We started with the safest checks first. Disk Utility First Aid was run from macOS Recovery against the internal volumes, APFS container, and internal SSD. These checks passed, which meant the drive structure was not reporting an obvious repairable file-system fault.

Safe Mode was also tested, but the Mac still did not load the desktop properly after login. Apple Diagnostics was run and returned no detected hardware issues. Because the fault had started after a drop, external display output was also tested using different adapters and monitors, although no external signal was detected during that testing.

At this stage, the fault appeared to be happening later in the startup process, around the point where macOS tried to load the user’s desktop environment.

What We Found

The internal storage was almost completely full. There was very little free space available, which can stop macOS from behaving normally because it needs working space for temporary files, user sessions, updates, caches, and system processes.

Further investigation found that the customer’s Photos Library was taking up most of the available internal storage. The library was very large for a MacBook with limited internal drive capacity, leaving the system with very little room to operate.

This explained part of the problem, but not all of it. Even after space was recovered, the Mac still returned to the same black screen with pointer after login.

What We Tried

We cleared safe, non-essential storage items first to give macOS enough breathing room to operate. This included removing cache data, old installer files, and other temporary or replaceable items.

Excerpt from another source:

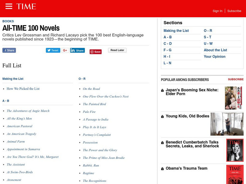 Time magazine presents its picks for the top 100 best English-language novels from 1923 to the present. It includes some original reviews.
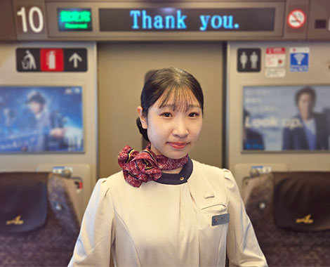 日本の大動脈である東海道新幹線を舞台に新幹線パーサーとして働いております。学生時代に学んだ言葉遣いや所作、お身体の不自由なお客様へのサポートなど、乗り物が違っても、全てが繋がっていると日々感じております。大阪航空専門学校ではエアライン業務の他にホスピタリティも学ぶことができるため、自信を持ってお客様を接遇することができています。お客様から「ありがとう」と言われた瞬間が一番のやりがいであり、人生に役立つ学びとなっています。

The large Photos Library was then copied to an external SSD and verified before being removed from the internal drive. The remaining user data was also backed up before any destructive repair work was considered.

After freeing significant internal storage, we tested login again. The Mac still failed to load the desktop, which showed that the low-storage issue had likely contributed to the fault, but freeing space alone would not resolve it.

A non-destructive macOS reinstall was then attempted from Recovery, as this would normally refresh the operating system while keeping the user data in place. However, Recovery would not complete the reinstall process correctly, so an over-the-top repair was no longer a reliable option.

At that point, with the customer’s data already backed up, a clean erase and reinstall became the safest practical repair path.

Key Insight

The important turning point was that the Mac’s storage problem was real, but it was not the complete fix.

  • The internal display could show the login screen.
  • Disk First Aid passed.
  • Apple Diagnostics found no issue.
  • The drive was critically full.
  • The Photos Library was the main storage issue.
  • Freeing space did not restore the user session.
  • A non-destructive reinstall could not proceed cleanly from Recovery.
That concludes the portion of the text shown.